Çaresiz babaların elinden bir şey gelmiyor.
Müslümanların en büyük silahları duaları ve yakarışları.
En büyük düşmanları İsrail mi sizce?
Amerika?
Avrupa?
Çin?
Rusya?
Tabi ki değil.
Hiçbiri değil!
“Oku” emriyle indirilmeye başlanan bir kitabın, Kur’an’ın muhatabı Müslümanlar!
Muhatabı olduğumuz kitabımızla nasıl bir dostluğumuz var?
İnsan için ancak çalıştığı varken ne kadar çalışıyoruz?
Birbirimizin kusurunu aramaktan,
Fitne fücurdan,
Tembellikten,
Uyuşukluktan,
Adam sendecilikten,
Bencillikten
Ne zaman kurtulacağız?
Bize hayata dair bir çerçeve çizen Kur’an’a ne zaman yüzümüzü döneceğiz?
Çalışmadan başarılı olmanın mümkün olmadığını ne zaman anlayacağız?
Ne zaman kendimize geleceğiz?
Ne kadar daha ‘kahrolsun’ diyerek kahrolmasını bekleyeceğiz kötülerin, kötülüklerin?

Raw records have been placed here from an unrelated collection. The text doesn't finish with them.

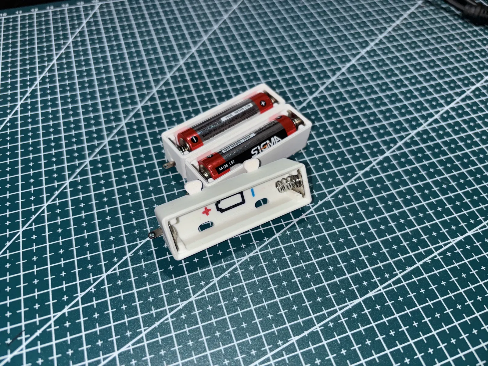 Khay đựng pin AA đơn giản, chỉ cần chuẩn bị một bộ tiếp điểm pin để lắp vào là dùng được. Mẫu có thể in multicolor, phù hợp làm hộp/giá đỡ pin cho các dự án DIY.
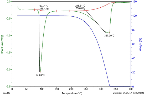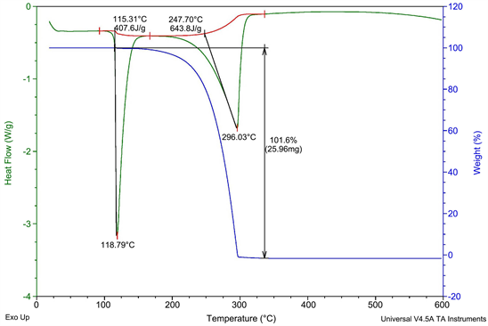 Monk fruit extract: The composition studied included erythritol. Figure 9(a) shows an endothermic event with onset around 115˚C and peak at about 120˚C, with very little mass loss, is attributed to the apparent melting of Erythritol along with Monk Fruit extract. The second endothermic event with onset around 200˚C and peak around 308˚C, accompanied by significant mass loss is attributed to vaporization of erythritol and the Monk Fruit extract. The rapid
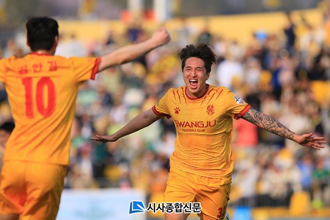 ±¤ÁÖ°¡ ÃÖ°íÀÇ ºÐÀ§±â¸¦ À̾°í ÀÖ´Ù. ±¤ÁÖ´Â Áö³ ¶ó¿îµå ¼ö¿øFC¿ÍÀÇ È¨°æ±â¿¡¼ À̹αâ, ¹ÚÇѺóÀÇ µæÁ¡¿¡ ÈûÀÔ¾î 2-0 Â¥¸´ÇÑ ½Â¸®¸¦ °Åµ×´Ù.
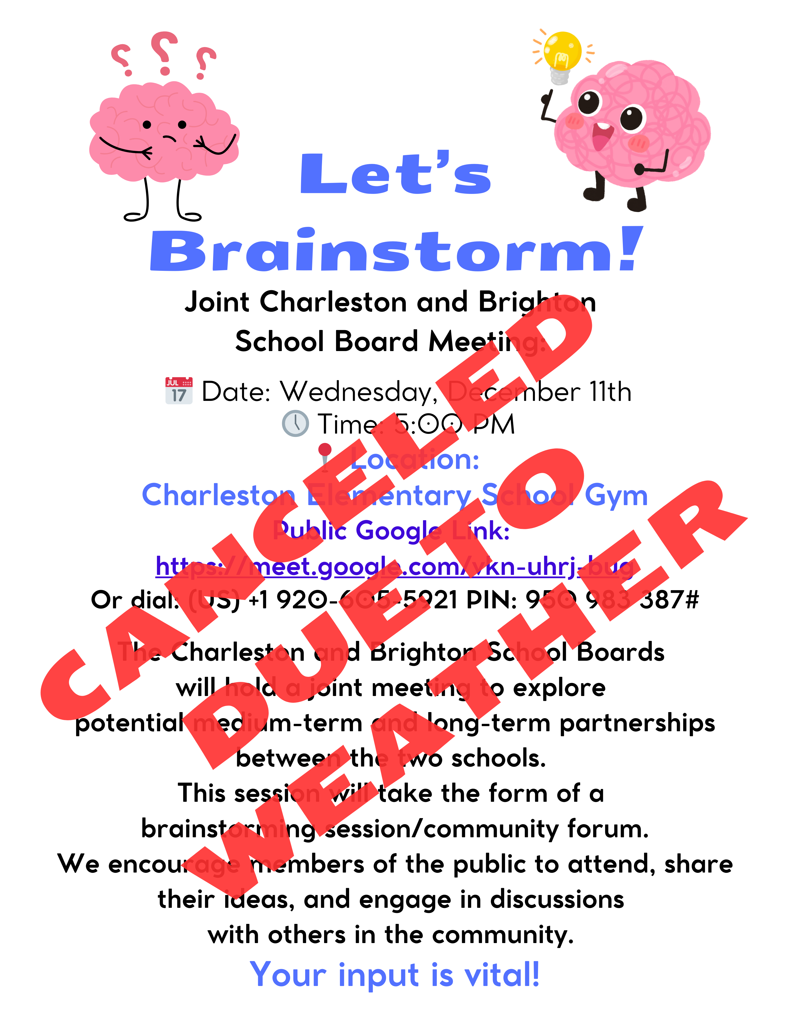 The joint Charleston and Brighton Board Meetings and Community Forum, scheduled for tonight, has been CANCELED due to weather.
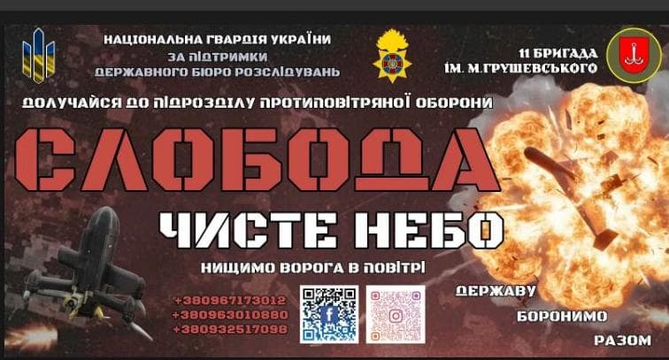 Ти захищатимеш свій дім. Твоя робота – це врятовані життя рідних, друзів, знайомих. Кожна збита ціль – це врятований будинок чи стратегічний об’єкт. Сучасна зброя та фахове навчання. Ми навчимо тебе володіти технікою, яка ефективно нищить повітряні загрози. Досвідчені інструктори зроблять з тебе профі. Потужне братерство. ППО – це командна робота. Ми – єдиний організм, де кожен довіряє кожному. Честь нести службу в 11-ій бригаді. Стань частиною підрозділу ППО! Південь – це фортеця. Ми – її щит. Не чекай на повістку. Приходь добровільно. Обери шлях воїна, який дарує безпеку небу. Тел. +38 (096) 717-30-12, +38 (067) 835-51-43
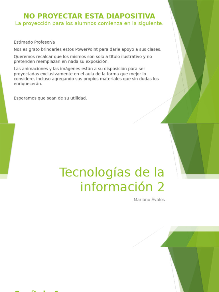 La proyección para los alumnos comienza en la siguiente.
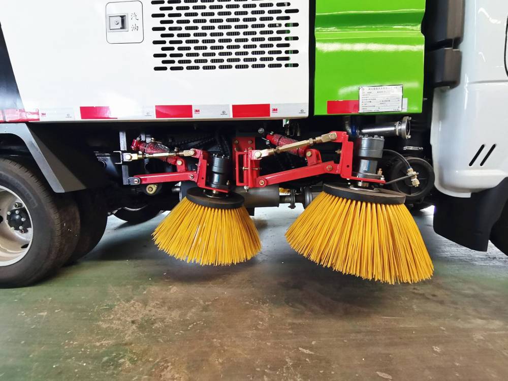 上裝標配:帶4個掃盤、五十鈴75馬力副發動機、三洋馬達、施耐德控制開關、海普瑞斯電磁閥組、無級變速自動離合器、免維護離心式自動風機、不銹鋼垃圾箱、中聯北極星電子水泵,尾部LED箭頭指示燈、手動泵應急系統、垃圾舉升自卸功能。
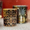 Each choice of candle has a unique exotic scent. Every impeccably decorated glass jar is handmade with gold foil details, the print creating a stunning effect as it burns.
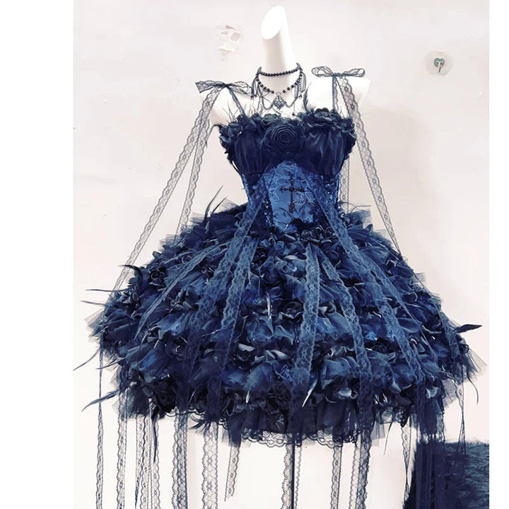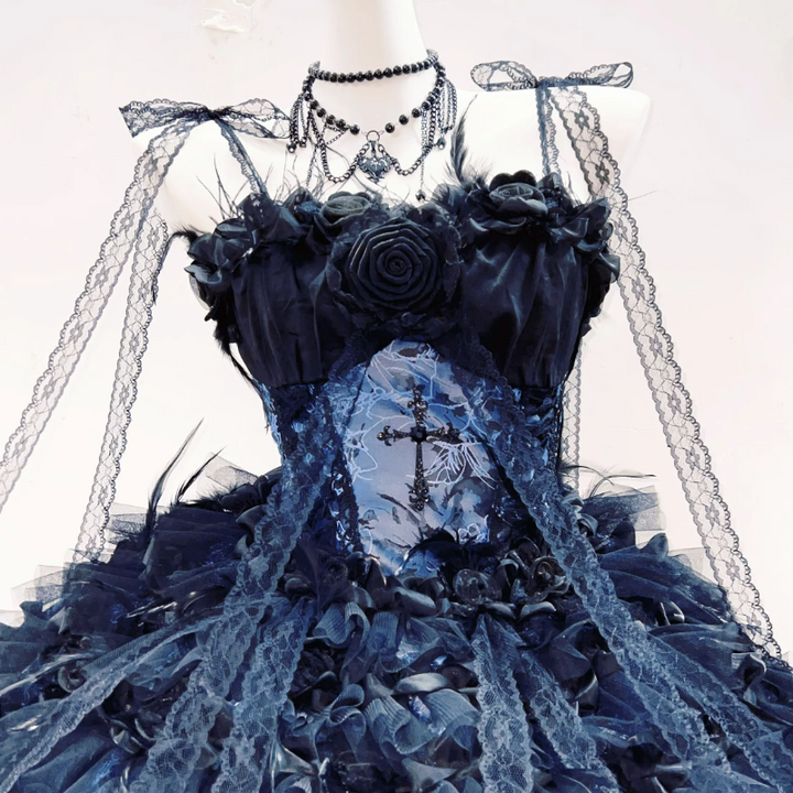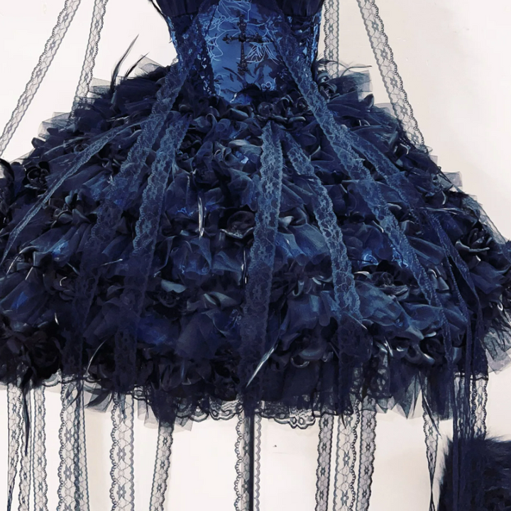 Flower applique feather velvet self tie mini dress

Ne kadar daha kızacağız İsrail’e?
Amerika’yı ne kadar daha yuhalayacağız?
Elçilik binalarına daha ne kadar yumurta atacağız?
Kaç tane daha siyah çelenk bırakacağız kapılarına?
Ne kadar daha taşlayacağız camlarını?
Kaç kere daha yakacağız bayraklarını?
Korkaklar topluluğu bir avuç insanla bir buçuk milyarlık bir İslam âlemi nasıl baş edemez?
Tembeliz dostlar, çok tembeliz!
Bu satırların yazarı ve diğerlerimiz…
Meslek adı kullansam alınacaklar olacak.
Yediden yetmişe, küçükten büyüğe, kadından erkeğe kadar büyük bir tembelliğin içinde yüzüyoruz.
Kullandığımızı sandığımız eşyalar bizi kullanıyor.
Hayatımız ellerimizin arasından kayıp gidiyor.
Çalışmamız gerektiğini anladığımızda çok geç olacak.
Zulme razı değiliz elbet lakin elimizden bir şey gelmemesi kader değil.
Kendimizi değiştirmekten başlamalıyız dünyayı değiştirmeye.